Most patients with mild fatty liver are asymptomatic, and usually do not destroy liver function, at most some gastrointestinal discomfort (such as fatigue, bloating, indigestion, etc.).
However, it has been clinically found that some patients with fatty liver will change to steatohepatitis (NASH), causing an abnormal increase in the liver index and worsening to liver fibrosis, cirrhosis, and even liver cancer.
The inflammatory reaction caused by oxidative stress is a potential cause of fatty liver deterioration into steatohepatitis (NASH).11 In a large controlled study, vitamin E supplementation improved nonalcoholic fatty liver disease (43% vs. 19% placebo group) and reduced multiple liver tissue test indexes (including ALT, AST, hepatic lobular inflammation, hepatic steatosis).
12. Reduce the incidence of Amyotrophic lateral sclerosis (ALS)
Phenomenorrhea is a progressive neurodegenerative disease (mainly the destruction of nerve cells in the brain and spinal cord), and it leads to atrophy and uncontrollable muscle atrophy the incidence of the disease is about two ten thousandths of the population, a well-known physics The scientist Stephen Hawking is one of the patients.
As the disease progresses, patients will lose their ability to speak, eat, move, or even breathe, and cause suffocation to lose their lives. Because there is currently no effective treatment, they are known as the world’s top five terminal diseases (others are cancer, AIDS, Leukemia, rheumatoid).
A recent large-scale observation in the UK found that the long-term consumption of vitamin E can significantly reduce the incidence of gradual freezing of people by 36%, so it is regarded as a feasible method to prevent such diseases.
Are there any side effects of vitamin E?
When taken in appropriate doses, oral vitamin E is generally considered safe. Most people take the recommended dose of 15 mg (22.5 IU) daily without any side effects.
However, it should be noted that possible side effects reported after taking high doses of vitamin E include: nausea, diarrhea, stomach cramps, fatigue, weakness, headache, sarcosinuria, blurred vision, rash, bruising, and bleeding.
Stop taking high-dose vitamin E two to four weeks before surgery, including dental surgery, to reduce the risk of bleeding.
Patients with common retinitis pigmentosa should avoid taking high-dose vitamin E supplements (400 IU or more per day may accelerate the loss of retinal function).
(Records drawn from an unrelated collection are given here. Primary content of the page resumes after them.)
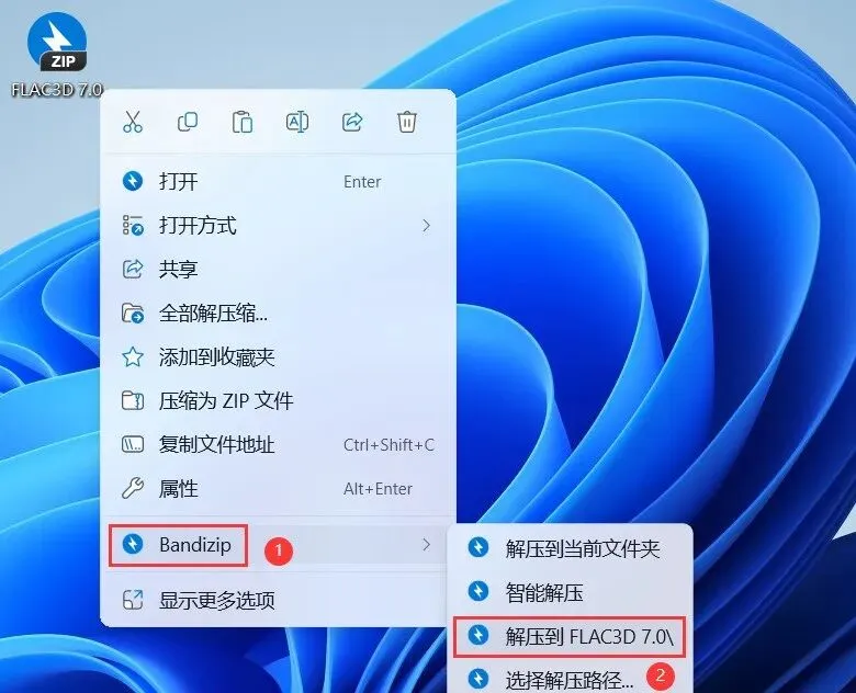 1、下载FLAC3D 7.0软件安装包到电脑上,右键选择【解压到FLAC3D 7.0\】
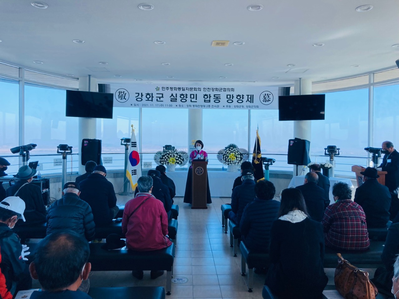 이날 강화평화전망대 전시관에서 열린 실향민 합동 망향제에서 많은 실향민과 북한이탈주민들이 북에 두고 온 가족들에게 헌화를 하며 경모하는 의미있는 시간을 가졌다,
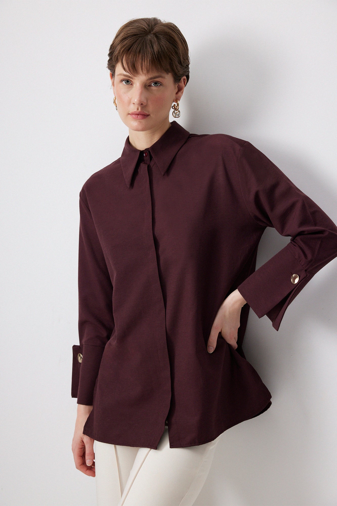 GENİŞ MANŞETLİ POPLİN GÖMLEK

Suffering from the following symptoms (eg bleeding disorders, vitamin K deficiency, diabetes, previous heart attack or stroke history, head and neck cancer, liver disease), do not take high-dose vitamin E, or consult before use Doctors, unauthorized use may cause worsening of symptoms, bleeding or unknown risks.
Do not use it in combination with anticoagulants and antiplatelet drugs, which may increase the risk of bleeding. The relevant drug names are aspirin, clopidogrel, diclofenac, ibuprofen, naproxen, dalteparin, enoxaparin, warfarin.
Do not use in combination with drugs that need to be metabolized by cytochrome P450 3A4 enzymes. Vitamin E may increase the rate at which the liver breaks down certain drugs, thereby reducing efficacy. Relevant pharmaceutical scientific names such as lovastatin, ketoconazole, itraconazole, fexofenadine, triazolam.
Do not combine with immunosuppressant: Cyclosporine. Vitamin E may increase the amount of cyclosporine absorbed by the body and increase the possibility of side effects.
High doses of vitamin E may affect the efficacy of chemotherapy drugs.
Where to buy high-quality natural vitamin E capsules?